_MATERIAL FOR THIS EXERCISE:_
=== Section Start ===

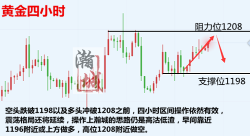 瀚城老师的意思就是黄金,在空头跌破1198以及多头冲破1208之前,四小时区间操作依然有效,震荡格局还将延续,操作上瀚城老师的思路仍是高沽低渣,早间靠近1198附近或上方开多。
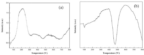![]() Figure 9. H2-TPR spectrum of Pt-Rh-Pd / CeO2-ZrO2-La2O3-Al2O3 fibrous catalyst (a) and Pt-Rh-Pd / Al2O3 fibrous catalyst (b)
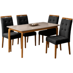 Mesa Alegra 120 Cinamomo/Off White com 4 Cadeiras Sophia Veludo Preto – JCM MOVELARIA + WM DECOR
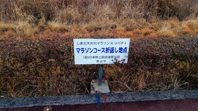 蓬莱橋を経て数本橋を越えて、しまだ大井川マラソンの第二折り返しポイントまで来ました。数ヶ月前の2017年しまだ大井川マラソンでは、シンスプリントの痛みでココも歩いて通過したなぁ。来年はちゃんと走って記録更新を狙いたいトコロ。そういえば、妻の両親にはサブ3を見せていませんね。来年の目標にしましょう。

=== Section End ===
=== Section Start ===

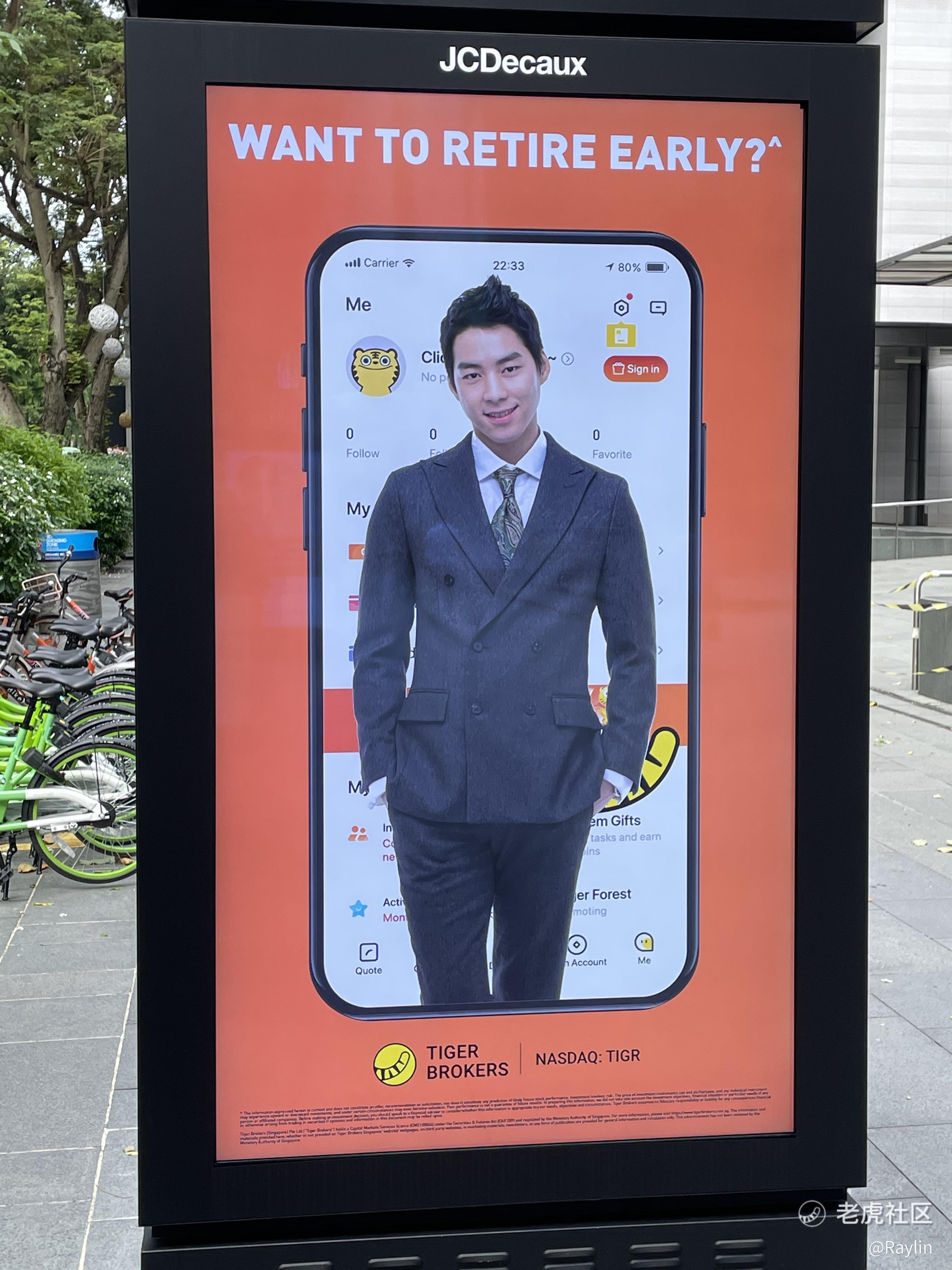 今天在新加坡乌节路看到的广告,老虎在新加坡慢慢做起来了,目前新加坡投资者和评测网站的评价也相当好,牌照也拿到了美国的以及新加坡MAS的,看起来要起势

=== Section End ===

An exact copy is needed of the entries above, starting at the line that holds "Mesa Alegra 120" and stopping at the line that holds "蓬莱橋を経て数本橋を越えて、", both kept; pictures stay out.

 Mesa Alegra 120 Cinamomo/Off White com 4 Cadeiras Sophia Veludo Preto – JCM MOVELARIA + WM DECOR
 蓬莱橋を経て数本橋を越えて、しまだ大井川マラソンの第二折り返しポイントまで来ました。数ヶ月前の2017年しまだ大井川マラソンでは、シンスプリントの痛みでココも歩いて通過したなぁ。来年はちゃんと走って記録更新を狙いたいトコロ。そういえば、妻の両親にはサブ3を見せていませんね。来年の目標にしましょう。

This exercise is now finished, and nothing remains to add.